JP2007090500A - Tape polishing apparatus - Google Patents

Abstract

<P>PROBLEM TO BE SOLVED: To provide a tape polishing apparatus capable of accurately polishing. <P>SOLUTION: The tape polishing apparatus employs a polishing head 16 having a base area A<SB>total</SB>larger than a size of a protrusion defect 12 of a rib 11. Further, pressing force F (=P<SB>total</SB>×A<SB>total</SB>) applied by a compression spring 17 is predetermined such that pressing force P<SB>total</SB>per unit area when the entire bottom of the head 16 is pressed against the rib 11 is smaller than the minimum pressing pressure value P<SB>min</SB>with which the defect 12 and a material of the rib 11 can be polished. Thus, the rib 11 is prevented from being polished below a normal top surface 11a. <P>COPYRIGHT: (C)2007,JPO&INPIT

Description

  The present invention relates to a tape polishing apparatus, and more particularly to a tape polishing apparatus that polishes and corrects a protrusion defect portion of a fine pattern formed on a substrate.
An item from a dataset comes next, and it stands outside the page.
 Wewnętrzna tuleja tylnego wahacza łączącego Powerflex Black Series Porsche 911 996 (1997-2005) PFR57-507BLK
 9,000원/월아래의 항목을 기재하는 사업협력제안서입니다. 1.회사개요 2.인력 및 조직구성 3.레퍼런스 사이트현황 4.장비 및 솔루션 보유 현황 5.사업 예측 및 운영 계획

  FIG. 8 is a perspective view showing the configuration of the rear glass substrate 101 of the plasma display. The plasma display is composed of two opposing glass substrates (a front glass substrate and a back glass substrate). Referring to FIG. 8, on the rear glass substrate 101 of the plasma display, ribs (fine patterns) 102 having a height of about 150 μm and a width of about 60 to 100 μm are formed at a pitch of several hundreds of μm. In the manufacturing process of the plasma display, a protrusion defect may occur in the rib 102.
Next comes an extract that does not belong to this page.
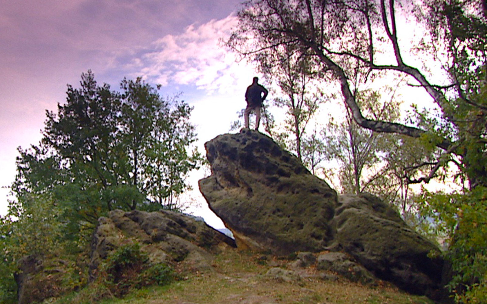 Der Caspar-Experte zögert nicht lange, zerrt einen langen Stock aus dem Unterholz und beginnt zu klettern. Gut überlegt nimmt er die ausgetretenen Stufen des Gipfels, bis er oben steht. Das linke Bein leicht angewinkelt nach vorne. Der Stock rechts in die Hüfte gestemmt. Den Kopf erhaben und erhoben. Du stehst wortlos unten und versuchst zu begreifen. Keine Chance. Da oben thront ein Wanderer über dem Nebelmeer. Fels, Pose, Bild im Kopf. Die Welt steht seit wenigen Minuten still.

  FIG. 9 is a perspective view showing the protrusion defect portion 103 of the rib 102. Referring to FIG. 9, there is a protrusion defect portion 103 that is raised from the normal top surface 102 a of the rib 102. If the rib 102 has the protrusion defect portion 103 as described above, a gap may be formed when the front glass substrate and the rear glass substrate are bonded to each other, or the protrusion defect portion 103 may be crushed to cause a defect. In order to improve the yield, before bonding the glass substrates, it is necessary to scrape and correct the protrusion defect portion 103 to the same height as the normal top surface 102a.

  Conventionally, as a method of correcting a projection defect portion generated in a manufacturing process of a flat panel display such as a plasma display, a laser processing method in which the projection defect portion is removed by irradiating a laser beam, and the projection defect portion is removed with a grindstone or a knife. There are a machining method for shaving, a tape polishing method for polishing a projection defect portion with an abrasive tape, and the like.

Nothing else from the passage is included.